A couple more circles in front of the wall cloud and the northern end of it dipped dramatically low to the ground. The pointy feature looked impressive but was non tornadic.

My internet data was working fairly well at this point and we were actually able to live stream video to the internet, viewers tuning into ChaserTV to catch a glimpse of a wall cloud being chased from the air.

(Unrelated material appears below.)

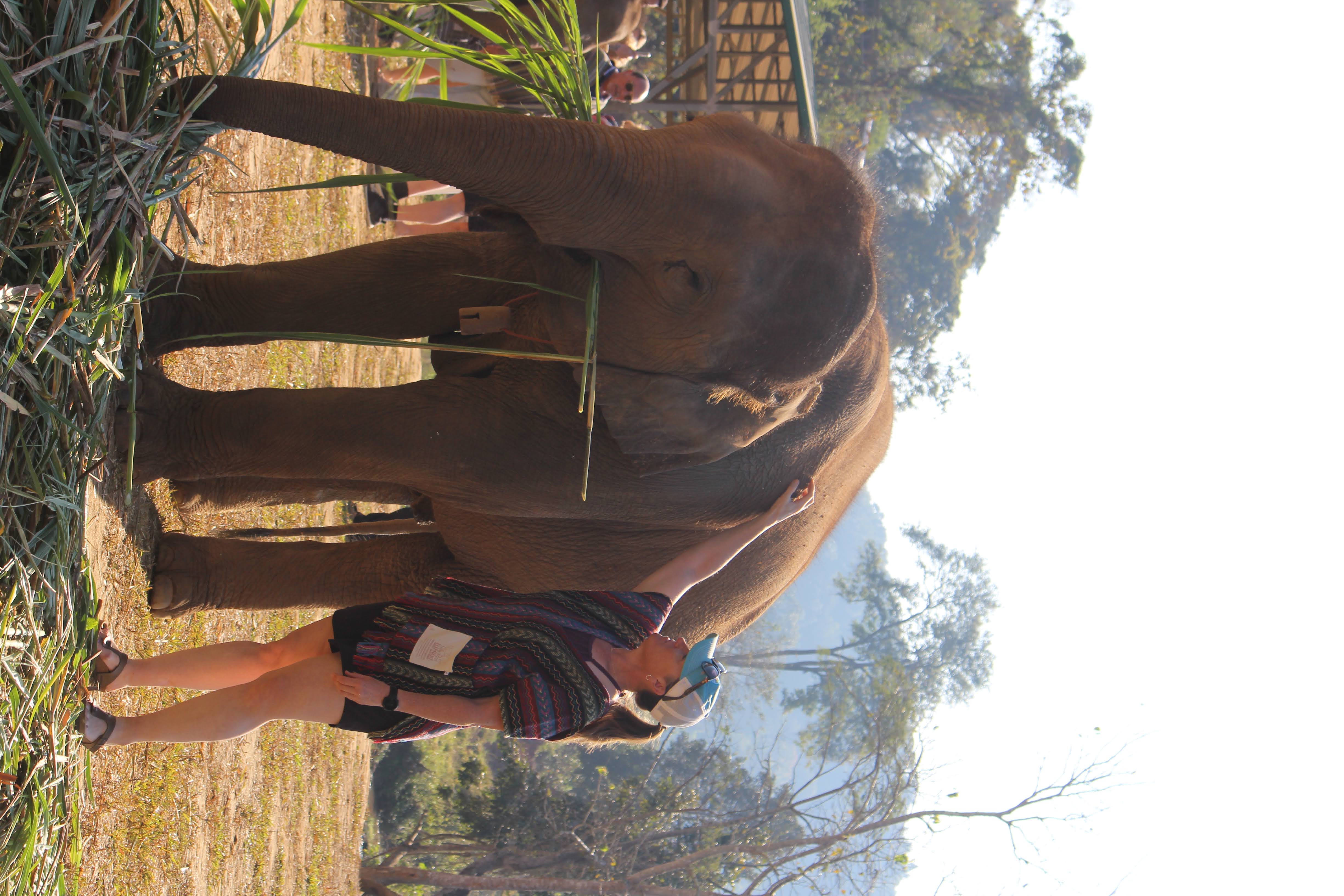 When we finally arrived at the Elephant Jungle Sanctuary facility in Mae Wang, we were instructed to make our way to the pavilion and to put on “traditional Karen wear.” Karen wear turned out to be colorful woven tunics named after the Karen tribes of the area, and they would protect us from getting muddy2 while we first fed and interacted with the elephants. We donned the tunics and then admired the herd of elephants from afar before sitting down to receive our briefing. We were given a brief informative session about Asian elephants- diet, habitat, anatomy, how they differ from African elephants, gestation, life expectancy, etc., that I of course ate up and did some follow up reading on later. The next part of the briefing focused on how to stay safe in our interactions with them. Finally it was time to make our way into their grassy pasture to feed and meet them!

Turning east as we finished another pass in front of the wall cloud, looking southwest at the rear flanking gust front of the storm, lit up in golden shades by the setting sun:
The wall cloud seemed to retreat again. It was getting late, about 8:30 now, our storm was fizzling and we were starting to get low on fuel. The structure was still photogenic, but we decided to call it a chase and head for the nearest airport with services, and nearby food and lodging: Minot International. One last look at our first aerial chasing storm, looking northwest at at a horseshoe shaped updraft base:

The gust front of the storm extended many miles south of the main updraft. We flew through it heading to Minot and were greeted again by moderate turbulence. Away from the storm, not having to focus on aerial chasing, and with the fatigue setting in from the long flight, I realized how exhausted and prone to air sickness I was at this point. The bumps really got to my stomach and I was getting pretty green. It took us maybe 20 minutes to fly into Minot but, sick and exhausted, it seemed to take much longer than that.

Sunset convection:

Caleb did a great job landing and we taxied over to the main office for gas and a tie down for the night. The long hours in the air had taken their toll and we were complete zombies when we stumbled into the office. The woman behind the desk had to ask us questions a couple of times as nobody would answer in the stupor we found ourselves in.
The airport folks helped us find lodging. Every hotel in town was booked except for one rather junky motel across the street that a had a couple rooms available. The town was swamped with people coming in for an oil convention. The airport lineman was nice enough to drive us over to the motel where we dropped our stuff off and then grabbed dinner at the Hardees next door, finally relaxing and chatting about how our flight had went.

 

Conclusion:

Despite missing a brief tornado, our first storm chase in an airplane had turned out to be a rather successful venture. I was skeptical about the logistics and safety of such an endeavor, but we were pleasantly surprised to discover that a simple circle pattern in front of the updraft base within the inflow provided great views and smooth air in which to shoot video. Catching a nicely lit supercell and wall cloud from the air, and, more importantly, returning back to the ground safely, made our first aerial chase a success. We learned a great deal about storm structure from the air, how to approach and film the storm, and how our equipment and data worked in the air. All valuable lessons for future aerial chases with

 

Lessons Learned: 

  • Internet data works fairly reliably below 3000' feet AGL, and there is limited data several thousand feet above that.

  • Hold at least 2 miles east of the storms updraft base and RFD gust front and 1 mile south of the FFD for smooth and shear/precipitation free air when aerial chasing.